La période est à la priorité d’un capitalisme toxique face au respect des libertés. Les entreprises du numérique comptent bien exploiter nos difficultés face à la crise sanitaire pour leurs profits. Si la population reste connectée plus longtemps, il faut lui afficher plus de pub ciblée. La CNIL vient ainsi de repousser encore une fois son rôle d’autorité chargée de faire respecter le RGPD.

Pour rappel, en juillet 2019, la CNIL publiait des lignes directrices où elle rappelait que le RGPD exige que le dépôt de cookie et autres traceurs se fasse avec notre « consentement explicite ». C’est-à-dire que notre consentement ne peut plus être « déduit » du simple fait que nous sommes informé·es par un vulgaire « bandeau cookie ». Tant que nous ne cliquons pas explicitement sur un bouton « J’accepte » (en ayant la même possibilité de refuser), il est strictement interdit de nous pister et de réaliser des profits sur nos données personnelles.

Cette règle était déjà connue et en vigueur depuis l’entrée en application du RGPD, en mai 2018 – date à laquelle ces pratiques délinquantes de l’industrie publicitaire auraient dû cesser et être sanctionnées. Néanmoins, en juillet dernier, la CNIL avait explicitement annoncé qu’elle ne sanctionnerait le non-respect de ces règles qu’à partir de 6 mois après la publication d’une recommandation destinée à décrire les « modalités pratiques possibles de recueil d’un consentement conforme aux règles applicables » (voir notre communiqué de réaction). Un nouveau délai d’un an « bonus » pour la surveillance publicitaire illégale. Nous avions évidemment attaqué cette décision devant le Conseil d’État, qui avait rejeté notre demande (voir notre article).

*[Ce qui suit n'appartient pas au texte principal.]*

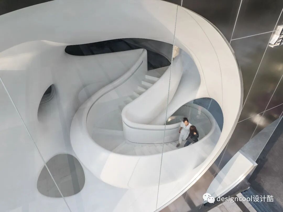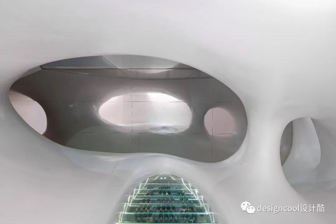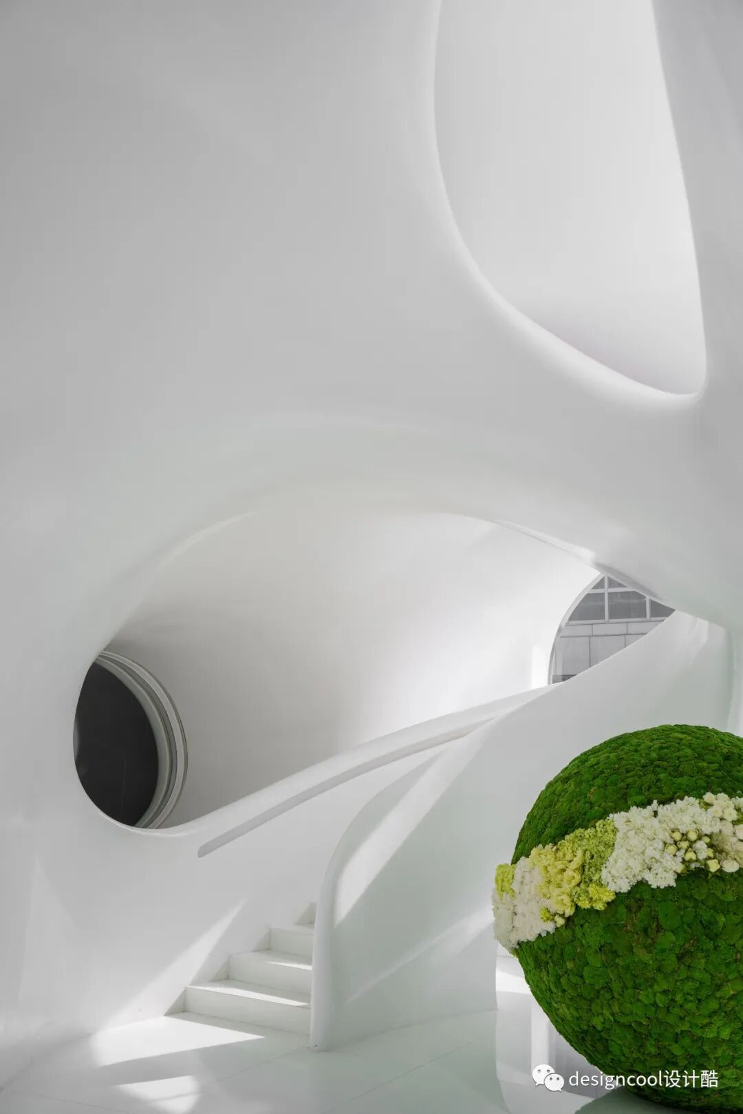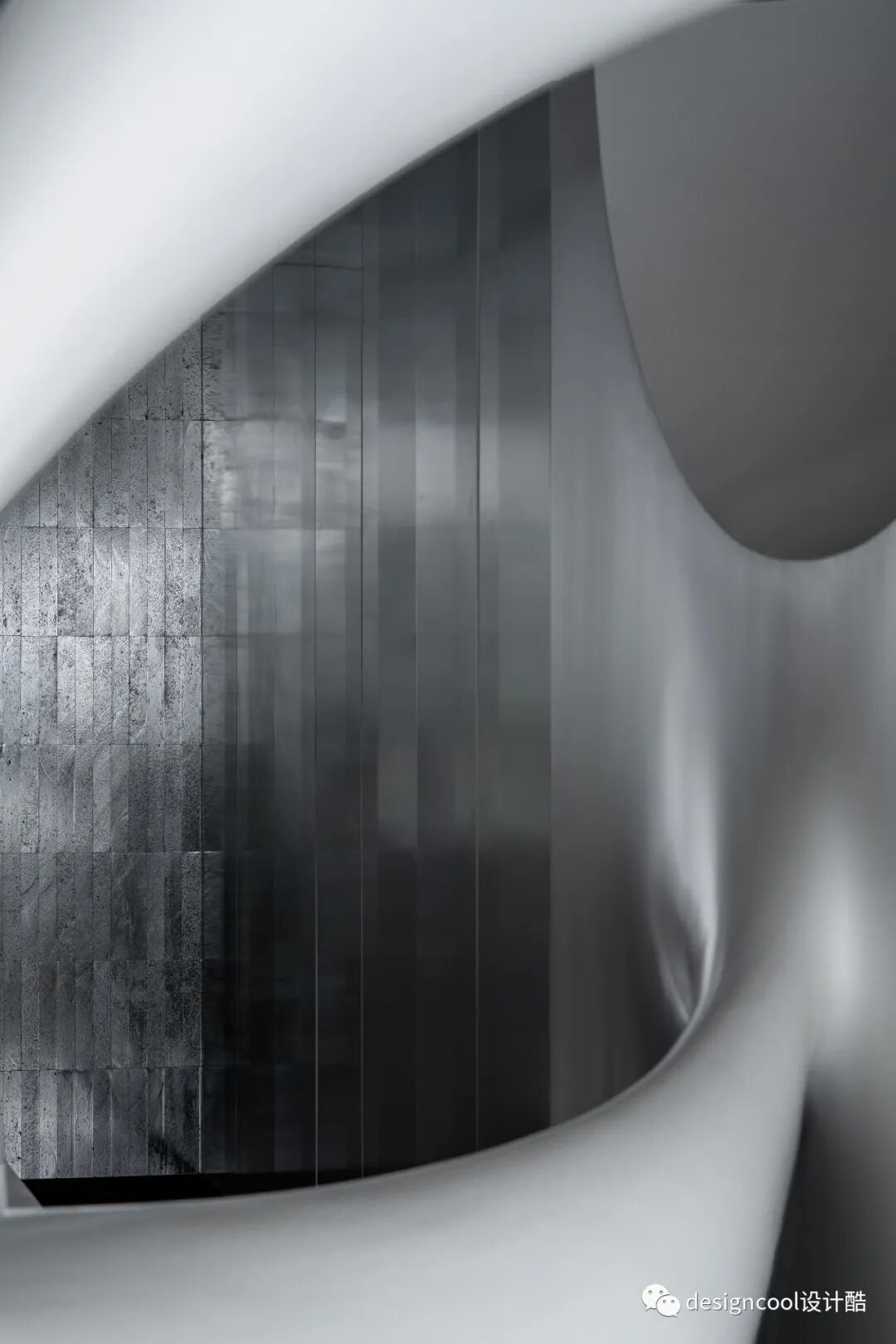 褶皱的异质在楼梯处最为强烈,在吧台处收尾。异质的空间将外观特征,前厅,交通,采光,咨询等多种诉求揉杂在一起,形成复杂的形式和体验。

Or, hier matin, l’industrie publicitaire publiait dans la presse une tribune larmoyante avec une injonction : « Les annonceurs ont mis en suspens leurs investissements. Dans ce contexte, il faut que certaines règles, qui doivent être mises en place par la CNIL sur la protection de la vie privée, dans le prolongement du RGPD, fassent l’objet d’un moratoire ». Quelques heures à peine plus tard, la CNIL s’exécute et décide de reporter de nouveau l’application du RGPD en matière de surveillance publicitaire. Elle nous informe ainsi par courrier que : « Afin d’aborder dans un contexte plus serein ce sujet majeur pour la protection des données personnelles comme pour l’économie de l’écosystème publicitaire, la présentation du projet de recommandation est reportée à une date ultérieure, qui sera fixée en fonction de l’évolution de la situation. »

L’industrie publicitaire pourra donc continuer pendant le confinement et les possibles reprises à traquer les individus en ligne pour les manipuler le mieux possible dans des actes de consommation en violant les libertés.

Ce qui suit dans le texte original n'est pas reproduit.